Claude Bachmeyer 1,, Edwin Rouff 1
PMCID: PMC5359094  PMID: 28385716

A previously healthy 37-year-old man presented with a 12-hour history of an intensely pruritic papular eruption arranged in a linear or “flagellate” pattern over his trunk, limbs, forehead and scalp (Figure 1 and Appendix 1, available at www.cmaj.ca/lookup/suppl/doi:10.1503/cmaj.160644/-/DC1). He had no mucosal lesions or dermographism and no systemic symptoms such as fever, malaise, weight loss, arthralgia or myalgia. He had not taken medications, had no history of skin trauma and could not recall contact with plants or arthropods. The patient reported eating shiitake mushrooms 48 hours earlier and had had a similar but more serious episode seven years earlier after eating shiitake mushrooms. We diagnosed shiitake dermatitis and prescribed oral desloratadine and betamethasone dipropionate 0.5% cream. The rash resolved within one week with no hyperpigmentation.

Figure 1:

Figure 1:

Erythematous linear papules distributed symmetrically over the back of a 37-year-old man with shiitake dermatitis.

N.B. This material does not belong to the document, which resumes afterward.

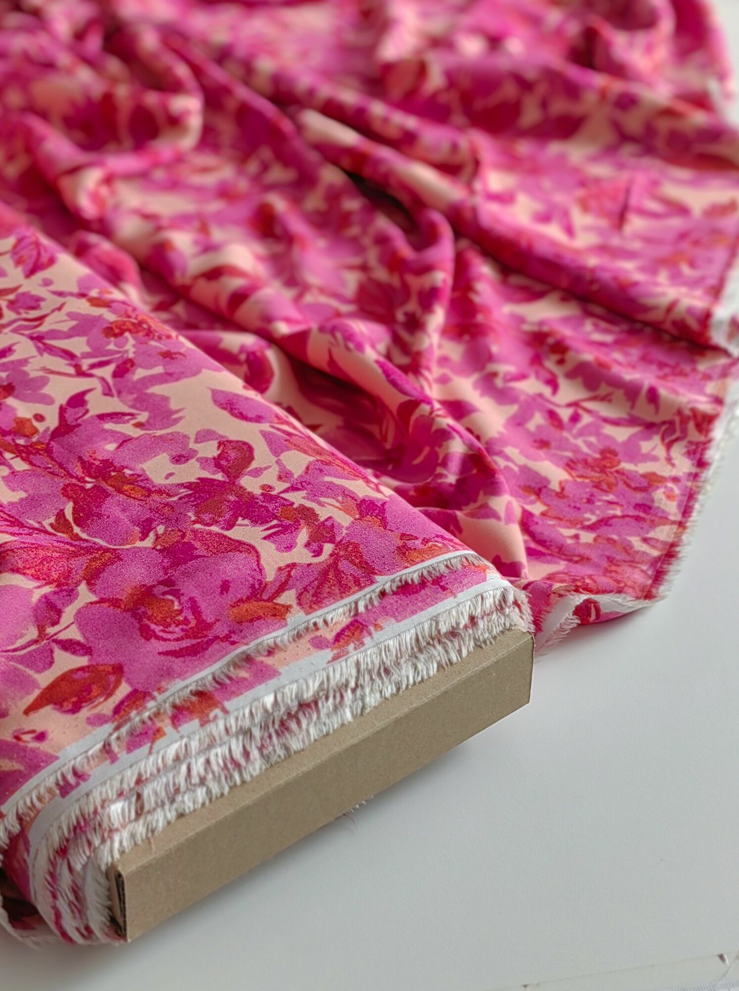 Ткань для шитья блуз, платьев, юбок 100% Вискоза штапель с крупными ярко-розовыми цветами цветами на кремовом 186х140 см
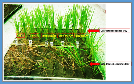 Tổn thương do lạnh đối với cây lúa giai đoạn mạ là thách thức to lớn cũa tăng trưởng và năng suất thóc. Cho dù người ta đã xác định được QTLs trên bản đồ di truyền và ghi nhận được các gen đích của tính trạng chịu lạnh, những mọi cố gắng trong cải tiến giống lúa vẫn còn đối mặt với sự thiếu nhiều các chỉ thị phân tử chính xác. Trong nghiên cứu này người ta tiến hành phân tích 529 mẫu giống lúa từ tập đoàn 3K Rice Genomic Diversity để nghiên cứu các biến thể di truyền của gen OsCTS11, một regulator âm tính với tính chống chịu lạnh vào giai đoạn mạ. Phân tích giá trị LD (linkage disequilibrium) xác định được ba “LD blocks” cực trọng (BLOCK1-3) trong phân tử gen OsCTS11. Mỗi block có 4 haplotypes khác biệt nhau. Phân tích di truyền kiểu “association” cho thấy Hap4 trong BLOCK1, Hap3 trong BLOCK2, và Hap4 trong BLOCK3 làm tăng đáng kể tỷ lệ sống sót cây mạ bị xử lý lạnh; với kết quà 65,38%, 58,41%, và 51,48%, theo thứ tự, ưu thế thuộc về loại hình cây lúa japonica. Những haplotypes có ưu thế thuận lợi này minh chứng được tính thích nghi của cây lúa với vùng canh tác lúa ôn đới (30°–40°N) và cao nguyên trồng lúa nhiệt đới (cao trình 800–1500 m), phù hợp với quá trình tiến hóa của tính chống chịu lạnh của cây lúa japonica. Việc sử dụng KASP molecular markers trên cơ sở các vị trí của SNP được minh chứng thông qua kết quả này. Trong số 42 giống lúa được sàng lọc, giống indica R676 và giống japonica Nangeng 5718, cả hai đều có những haplotypes trội (dominant), biểu hiện tỷ lệ cây sống cao hơn so với giống lúa thiếu các haplotypes như vậy. “Marker-assisted backcrossing” (hồi giao nhờ chỉ thị phân tử) giúp cho việc phát triển ra 4 nguồn vật liệu chịu lạnh mới (YR05-YR08) được tích hợp trong những haplotypes OsCTS11 có lợi. Chú ý, YR08 (Hap4 + Hap3 + Hap4) biểu thị sự cải tiến đáng kể sự phát triển cây mạ bị stress lạnh, minh họa lợi ích cộng dồn của những haplotypes chồng lấp lên nhau. Kết quả ghi nhận tiềm năng của việc tận dụng haplotypes có biến thể tự nhiên để sáng tạo nên những markers chính xác phục vụ xác định haplotypes của gen OsCTS11. Kết quả cung cấp một phương pháp tiếp cận mới nhằm khai thác hiệu quả gen điều tiết có tính chất tiêu cực trong chương trình lai tạo giống lúa.

Shiitake dermatitis can occur 12–60 hours after ingestion of raw or incompletely cooked shiitake mushrooms (Lentinula edodes).1 The flagellate rash is characterized by multiple linear pruritic papules over the trunk and extremities.1,2 Sun exposure may aggravate the rash.1 Histologic features are nonspecific, showing spongiosis, papillary dermis edema and perivascular inflammatory infiltrate, but no vasculitis.1,2 The differential diagnosis includes bleomycin therapy, dermatomyositis and adult-onset Still disease.2,3 The pathogenesis of shiitake dermatitis remains unclear. Koebnerization is unlikely because scratching usually does not reproduce the rash.3 Case reports have described positive skin-prick or patch test reactions to shiitake mushrooms, which suggests an allergic reaction, but the condition is more likely a direct toxic reaction to lentinan, an inflammatory polysaccharide found in shiitake mushrooms that is broken down by heat.3,4 Shiitake dermatitis is self-limited and requires only symptomatic treatment with antihistamines and topical or oral corticosteroids.1 Fully cooking shiitake mushrooms usually prevents recurrence.1

Footnotes

Competing interests: None declared.

This article has been peer reviewed.

The authors have obtained patient consent.

References

  • 1.Boels D, Landreau A, Bruneau C, et al. Shiitake dermatitis recorded by French poison control centers — new case series with clinical observations. Clin Toxicol (Phila) 2014;52:625–8. [DOI] [PubMed] [Google Scholar]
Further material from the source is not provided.